Machine Learning and Grounded Theory Method

Machine Learning and Grounded Theory Method: Convergence, Divergence, and Combination.

Michael Muller, Shion Guha, Eric P.S. Baumer, David Mimno, and N. Sadat Shami. 2016. Machine Learning and Grounded Theory Method: Convergence, Divergence, and Combination. In Proceedings of the 19th International Conference on Supporting Group Work (GROUP '16). Association for Computing Machinery, New York, NY, USA, 3–8. DOI:https://doi.org/10.1145/2957276.2957280

Machine learning is more associated with quantitative methods, statistics, and positivist thinking; grounded theory with qualitative methods, ethnography, and interpretivist thinking. This paper examines where machine learning methods and grounded theory, often viewed as very different approaches, converge. They propose the synthesis of these two methods as offering interesting approaches to both hypothesizing and methods, especially for those interested in combining "big data" with qualitative methods. This might include using large-scale quantiative analysis alongside localized or smaller scale qualitative analysis. In other cases, one might begin with qualitative analysis and then use big data analysis to look at a larger picture.

Machine Learning Approaches

Centers around statistical models. Focuses on two types of variables: observed in data (features) or not observed. The algorithm is trained to "find values for unobserved variables that best fit the values of the observed variables" (pg. 3-4).
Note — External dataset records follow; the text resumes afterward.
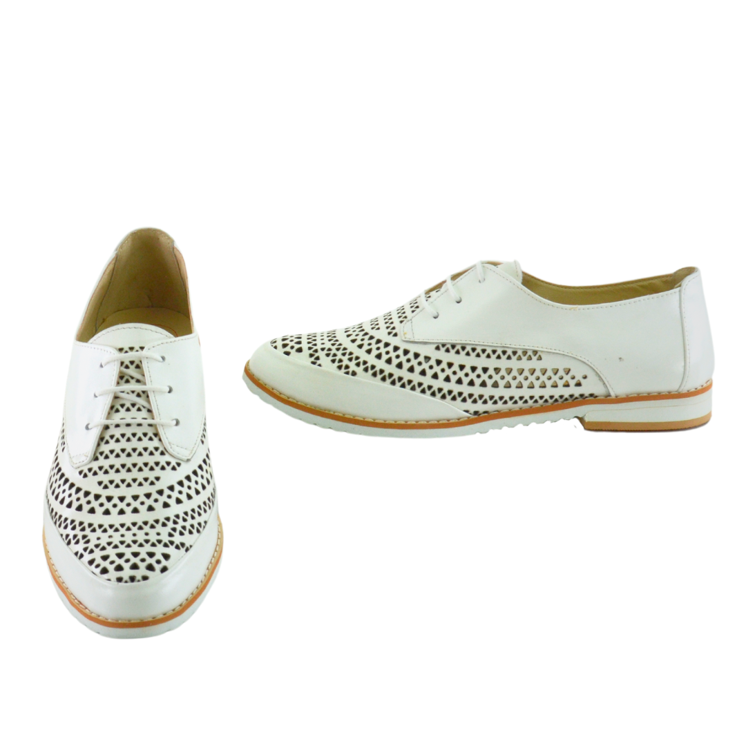 Pantofi casual confectionati din piele naturala alb perforat- Interior din piele naturala -Talpa buretoasa cu toc. Ofera un plus de inaltime ,fiind in acelasi timp usoara si confortabila.
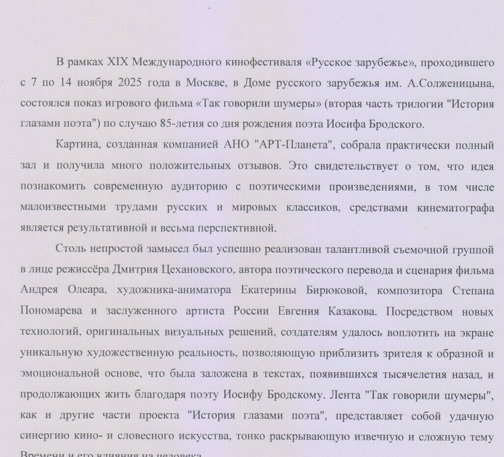 С 7 по 14 ноября 2025 года в г. Москве состоялся XIX Международный кинофестиваль «Русское зарубежье».
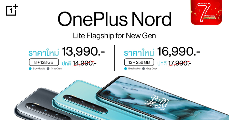 OnePlus ฉลองครบรอบ 7 ปี เซอร์ไพรส์ที่ 4 ปรับราคาใหม่ OnePlus Nord เริ่มต้นเพียง 13,990 บาท
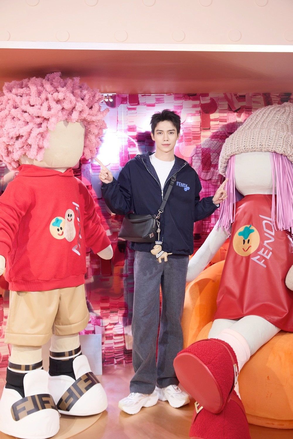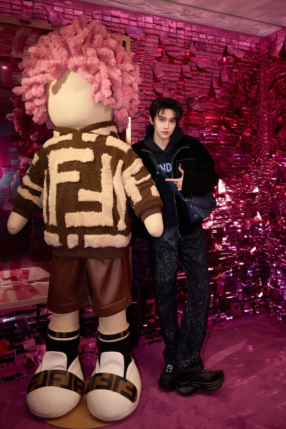 在关于内在之美的趣味探索中,粉色的建筑外立面缀以来自Peekaboo手袋的紫色亮片,与室内装饰风格遥相呼应。高达2.2米的2026春节限定系列BFF角色挂件静驻于橱窗之中,迎接着每一位来访者,并邀请他们步入2026春节系列宣传片温馨场景的室内空间——该短片正在此循环展映。FENDI BFF家族角色挂件的肖像装点着满布波点的粉色墙面,营造出温暖团圆的节日氛围。
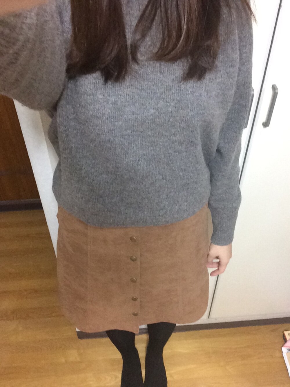 昨日のコーディネート。 部屋で撮ったので靴も鞄もないけど。笑 皆さん書いてるけど、UNIQLOのこのニット、本当に良い\( ˆoˆ )/ 私は形よりも、グレーみたいなブラウンみたいなこの色に惹かれました(*˘︶˘*) 本当に可愛いー♡
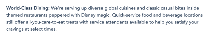 Disney also states that “service attendants [are] available to help satisfy your cravings at select times.”
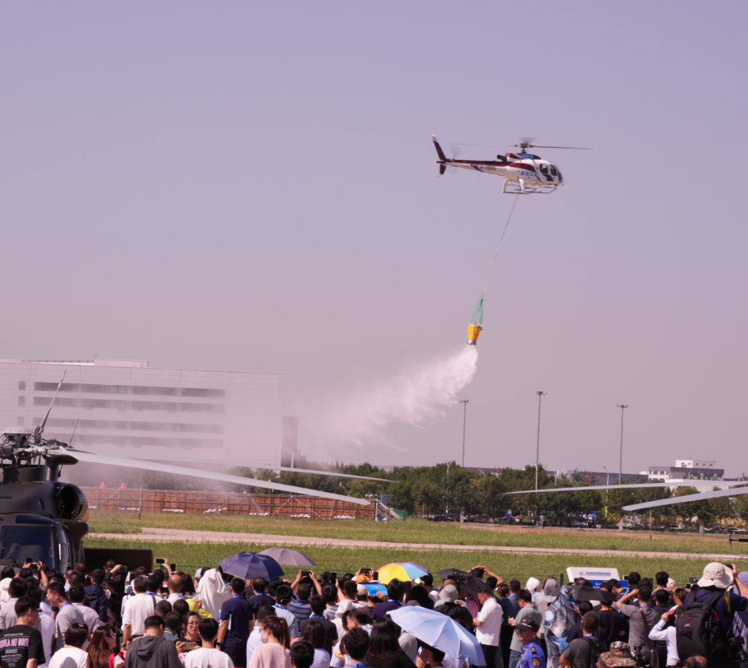 开幕式上,航空工业研制的6型18架直升机整齐出动,共舞苍穹,为现场观众带来一场专属直升机的空中视觉盛宴,精彩绝伦的表演让现场观众掌声不断。航空工业研制生产的AC352、AC312E紧随其后,先后进行编队飞行,AC311A也进行了吊桶悬挂作业演示,突出展示了航空工业AC系列民用直升机的优越综合性能,彰显了国家应急救援硬核装备的专业能力。
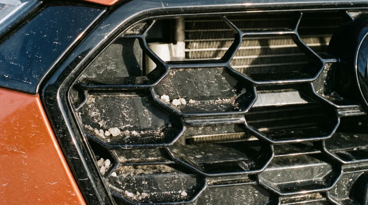 Parrilla frontal tipo panal El 70% de la superficie es un panel sólido que desvía el viento. Al limpiar el 30% funcional, devuelves la eficiencia máxima de enfriamiento.

In other words, using observed variables to infer characteristics in unobserved variables (e.g., using spam/not-spam labels to infer "spamminess").

Types of ML Models

Supervised: Uses labelled data to predict outcomes for unseen data. Two types of observed variables: inputs and outputs. Common methods are regression, classification, and confirmatory factor analysis.
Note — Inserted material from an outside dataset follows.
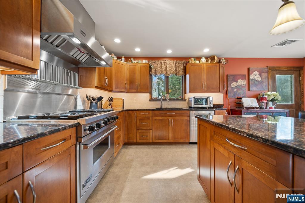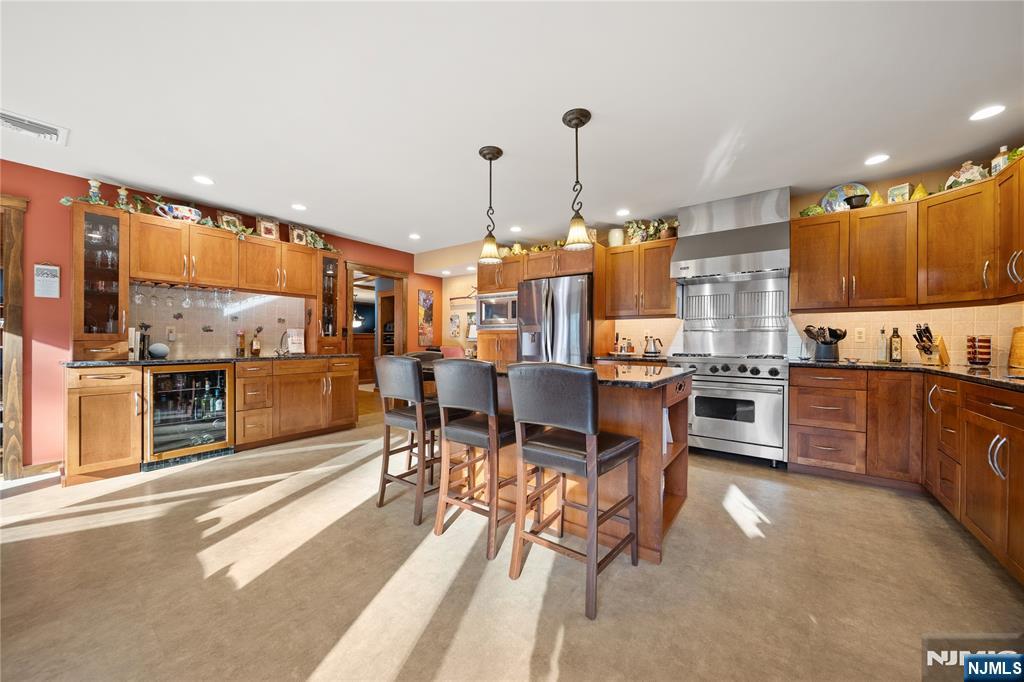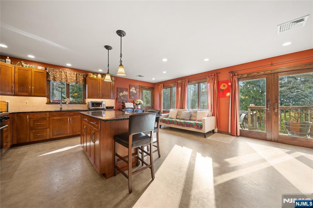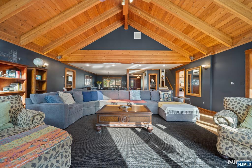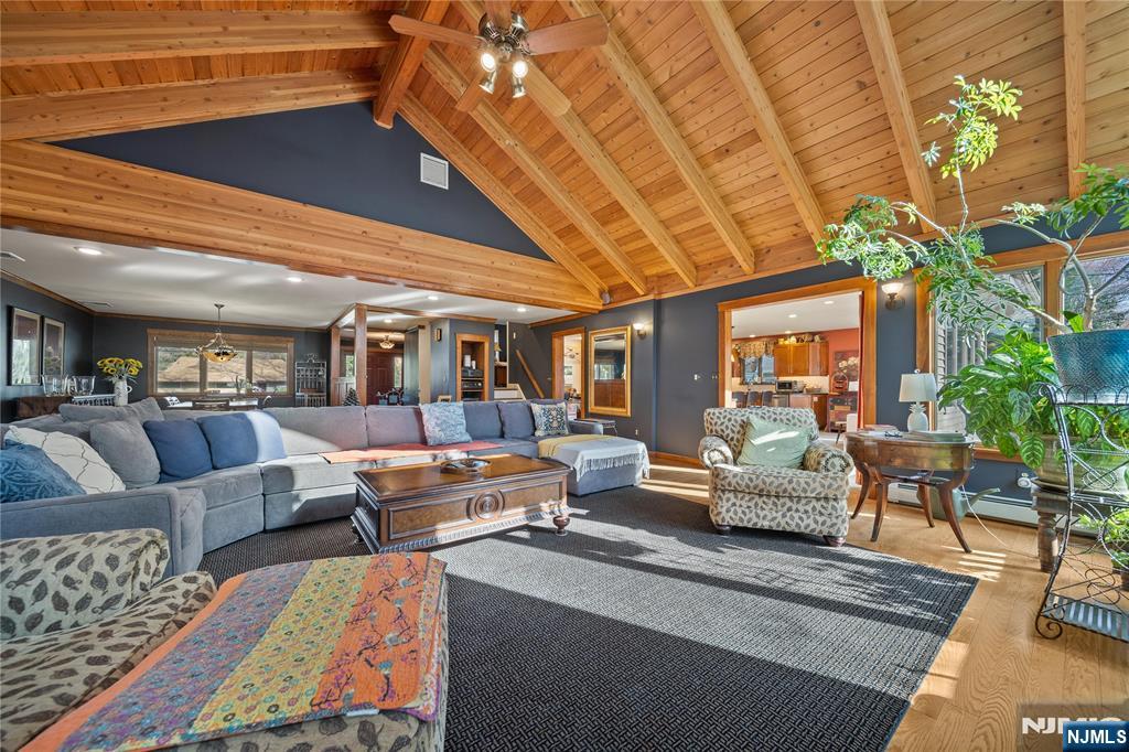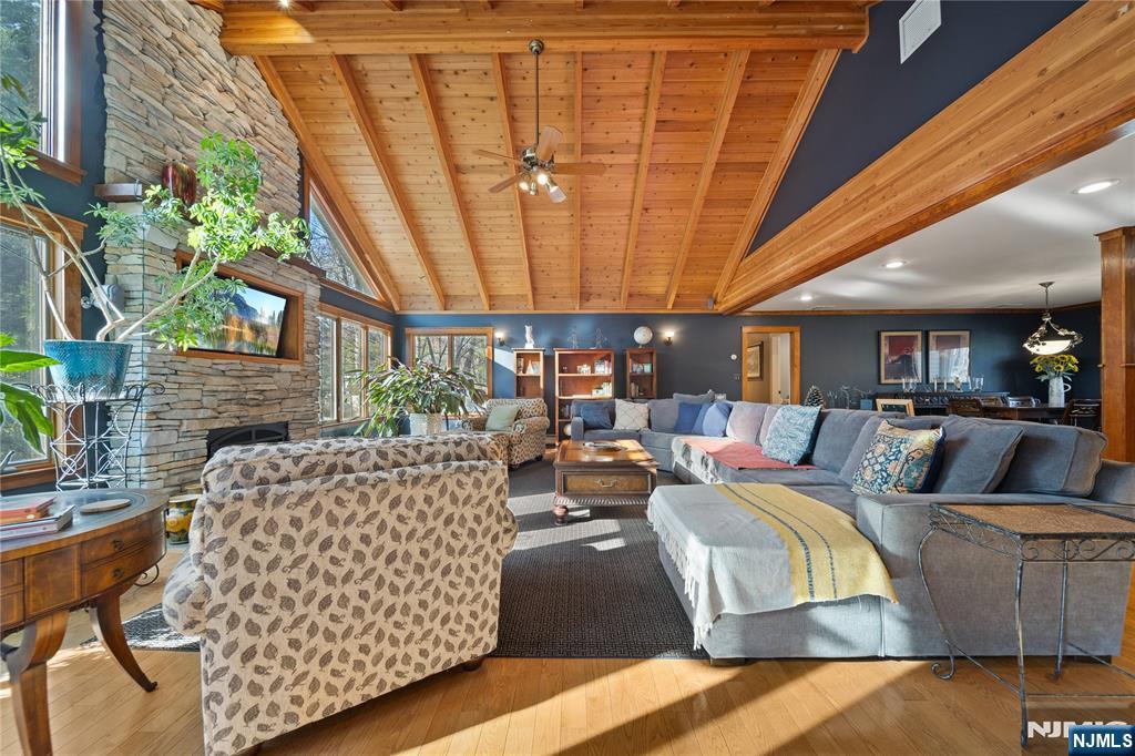 Pride of ownership for 28 years! Fully renovated and expanded Tandy & Allen ranch in a desirable neighborhood with open space. Just 1 mile to the train and a 4-minute walk to the bus. Features include a dramatic 575 sq ft family room with 15-ft ceilings, exposed beams, and Mendota gas fireplace. Updated 400 sq ft kitchen with large granite island, high-end appliances, Viking stove, and beverage station. Andersen windows and French doors lead to a TimberTech deck. First floor offers dining area, full bath, and 3 bedrooms. Private primary suite with vaulted ceiling, spa bath, steam shower, loft, and walk-in closet. Lower level includes laundry, half bath, and finished basement with bar, game room, TV area, and flexible space. Walk-out to patio with Saratoga hot tub, additional patio with electric/cable, and landscaped yard with shed. Extras: 2-car garage, 3-zone central air, 4-zone heat, 200-amp service, and underground utilities (Fios & Optimum). Ample storage throughout, thoughtfully designed living spaces, and quality craftsmanship make this home perfect for both everyday living and entertaining. Move-in ready with exceptional indoor-outdoor flow. Enjoy multiple outdoor living areas ideal for gatherings, relaxing evenings, and year-round use. A rare opportunity to own a truly special, well-maintained home in a prime location.

Unsupervised: Uses unlabelled data to infer relationships about the data without supervision. Examples are clustering, PCA, topic modeling, and exploratory factor analysis.

Grounded Theory Method

Focused on constructing theory from the data, from the ground up. Grounded theory is characterized by its rigorous coding process, starting with open coding and eventually formalizing open codes into axial codes, which summarize the relationships between the open codes. GT utilizes the constant comparison method, comparing data with data and data with the emerging theory. The researcher then constructs dimensions of difference between open and axial codes. The emergent theory is made up of these codes, categories, and dimensions. The researcher then uses this theory to select new research sites or participants to test the theory's weakest points (theoretical sampling and abductive logic).

Types of Grounded Theory

Given the disagreements between the original creators of GT, Glaser and Strauss, there are now multiple approaches to GT.

Glaser: Glaser developed a set of 40 coding families focused on bridging initial codes to formal theory.
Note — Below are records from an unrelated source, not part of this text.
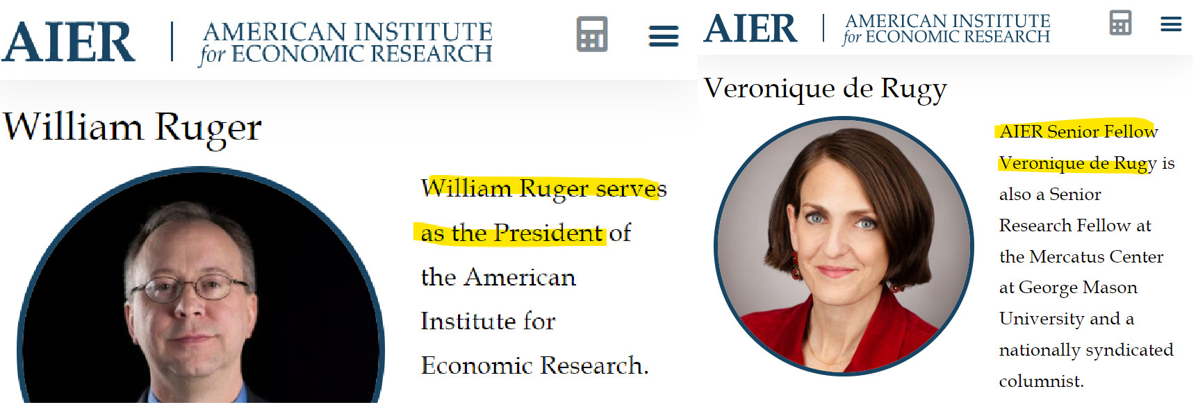 What De Rugy did not reveal is that her primary employer George Mason University, has received more than $120 million from the Charles Koch Foundation between 2015 and 2020. She does also not reveal that her secondary employer, the American Institute for Economic Research (AIER) — which has received a much smaller amount of funding from the Charles Koch Foundation — is run by Will Ruger.
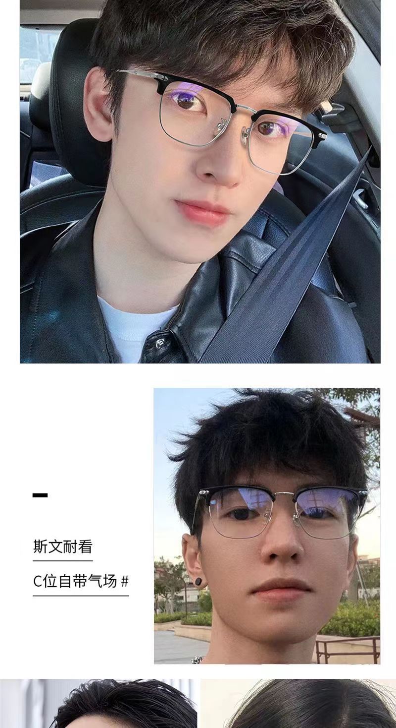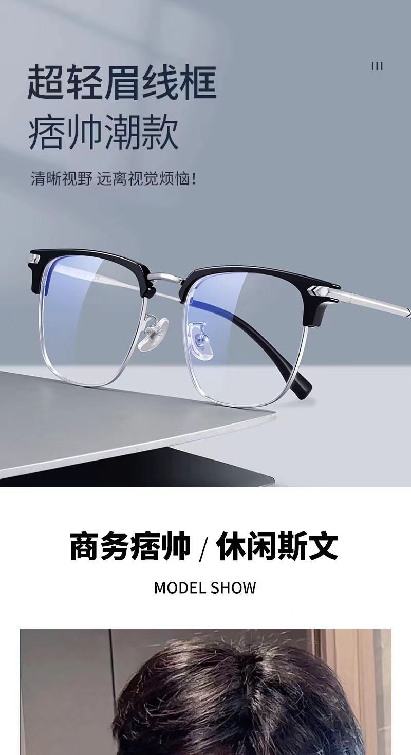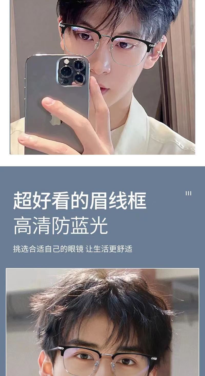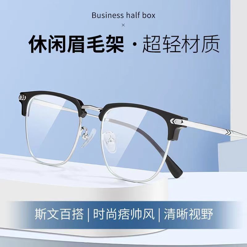 울트라 라이트 하프 프레임 패션 안티 블루 라이트 플랫 미러 남성과 여성의 조절 정도 근시 안경 프레임 장식 평면 안경 프레임스토어 가기
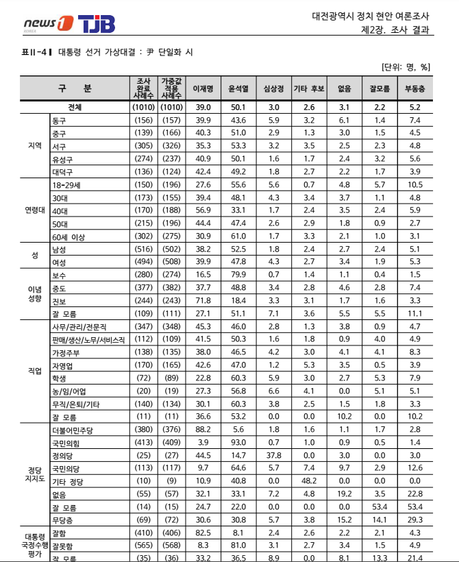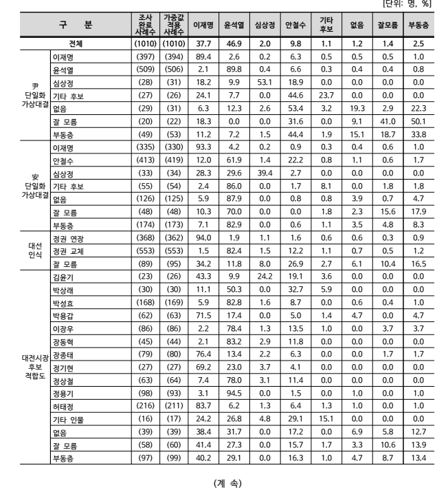 이재명 37.7, 윤석열 46.9, 심상정 2, 안철수 9.8

Strauss: Focus is on the gradual development of open and axial codes into categories and dimensions.

Convergences

Make claims to be grounded in the data.
Begin with and return to the data.
Develop interim components of theory that describe differences across data (GT = dimension; ML = features).
Iterative process.
Neither process complete when data is analyzed. Requires interpretation and theory-building.
A logic of abduction (ML = testing on unseen data to prevent overfitting).
Researcher selection (GT = coding most salient or important things; ML = feature selection).

Research Directions

Comparative Sequence Methods

Use methods sequentially.

GT > ML: Once data is coded/grouped, use ML methods to examine attributes of data.

ML > GT: Begin with ML classification against ground-truth outcome measure, then use GT to search for emergent properties within each ML class.

Hybrid Iterative Methods

An integrated, iterative process using both methods.

Researchers might alternate between each iterative step of both GT and ML, evolving GT theory and a refined ML model. Utilizes constant comparison between GT and ML.